When Your Server Lags Only When You're Not Watching: Fixing IRQ Imbalance
When Your Server Lags Only When You’re Not Watching: Fixing IRQ Imbalance
TL;DR: My Proxmox server had mysterious network lag that disappeared the moment I opened htop to investigate. Turned out all network interrupts were being handled by a single CPU core. After enabling irqbalance, tuning RPS, and adjusting network buffers, the lag vanished for good. Here’s how to diagnose and fix IRQ imbalance on your own server.
The Observer Effect Bug
You know that feeling when your car makes a weird noise for weeks, but the moment you drive it to the mechanic, it runs perfectly? That was my Proxmox server last month.
The symptoms:
- Random network lag spikes (200-500ms ping jumps)
- Container web services occasionally timing out
- SSH sessions freezing for 2-3 seconds randomly
- The kicker: The moment I SSH’d in and ran
htopor opened Netdata, everything ran smoothly
This is the most frustrating kind of bug - one that hides when you try to observe it. Schrödinger’s lag, if you will.
💡 Spoiler: This isn’t magic. When you run monitoring tools, they spin up processes on different CPU cores, which temporarily shifts the workload and gives the overloaded core a moment to catch up.
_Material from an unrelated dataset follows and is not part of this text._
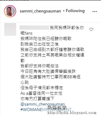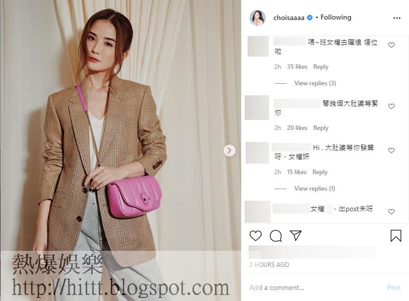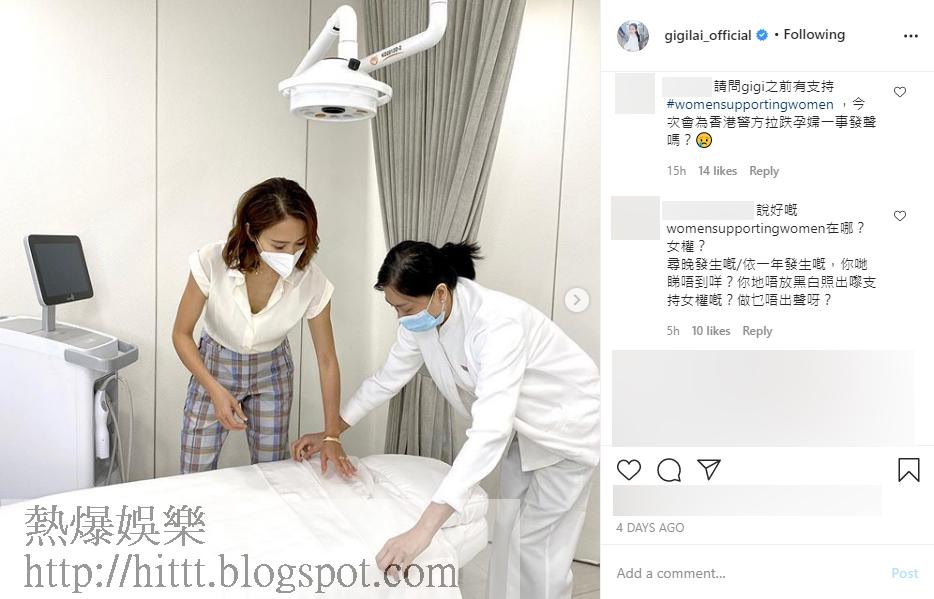 當時接受challenge時很快便上載黑白照的女星們,今天沒甚「動靜」,其中黎姿出po講自己美容院相關的事,有網民留言問她:「請問GiGi之前有支持 #womensupportingwomen,今次會為香港警方拉跌孕婦一事發聲嗎?」但黎姿未有回覆。而Sammi、阿Sa亦有同樣情況出現,有網民到她們的IG留言,問她們對孕婦被警方拉跌一事有何看法,她們統統不作回應。

It’s like unclogging a drain by running water through a different pipe.
Prerequisites
Before we dive in, you’ll need:
- A Linux server (I’m using Proxmox, but this applies to any Debian/Ubuntu-based system)
- Root access
- Basic familiarity with the command line
- About 30 minutes for diagnostics and fixes
- Patience (some of this involves watching counters tick up)
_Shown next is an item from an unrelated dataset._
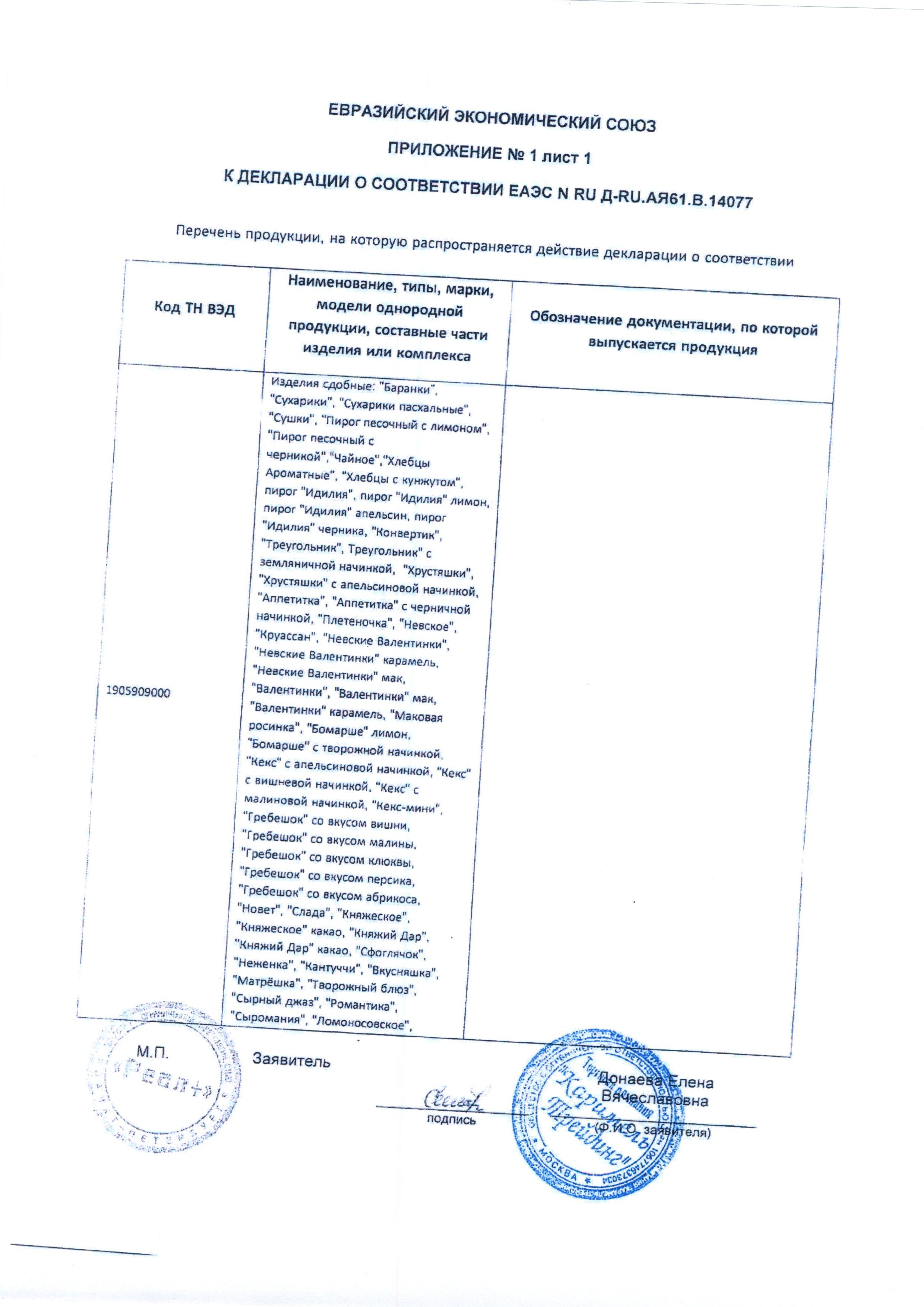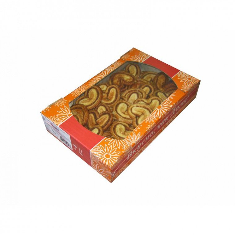Состав: мука пшеничная хлебопекарная в/с, сахар-песок, маргарин для слоеного теста (рафинированные дезодорированные растительные масла: пальмовое, пальмовое модифицированное, модифицированное подсолнечное, подсолнечное), вода, эмульгаторы (моно- и диглицериды жирных кислот, полиглицирина и жирных кислот эфиры, соевый лецитин), соль, консерванты (сорбиновая кислота, бензоат натрия), краситель (каротины), ароматизатор масла, регулятор кислотности лимонная кислота), маргарин молочный (рафинированные дезодорированные растительные масла, вода, соль поваренная пищевая, эмульгаторы (моноглицериды жирных кислот, эфир полиглицерина), ароматизатор «Сливки», регулятор кислотности — лимонная кислота, природный краситель куркумин), соль поваренная пищевая, какао-порошок, регулятор кислотности лимонная кислота, ароматизатор «Карамель».

Knowledge level: Intermediate - I’ll explain concepts, but you should be comfortable with SSH and editing system files.
Step 1: Security Check First
When weird performance issues show up out of nowhere, my first thought is always: “Did someone break in?”
Before optimizing anything, I checked for:
# Check for suspicious processes
ps aux | grep -iE 'xmr|crypto|mine'
# Look for unauthorized SSH keys
cat ~/.ssh/authorized_keys
find /home -name authorized_keys -exec cat {} \;
# Check for rootkits
apt install -y chkrootkit rkhunter
chkrootkit
rkhunter --check --skip-keypress
# Review running network connections
netstat -tulpn | grep ESTABLISHED
# Check cron jobs for weird stuff
crontab -l
cat /etc/cron.d/*
Everything came back clean. No crypto miners, no suspicious processes, no unauthorized access. Good, but now I had to actually debug the real problem.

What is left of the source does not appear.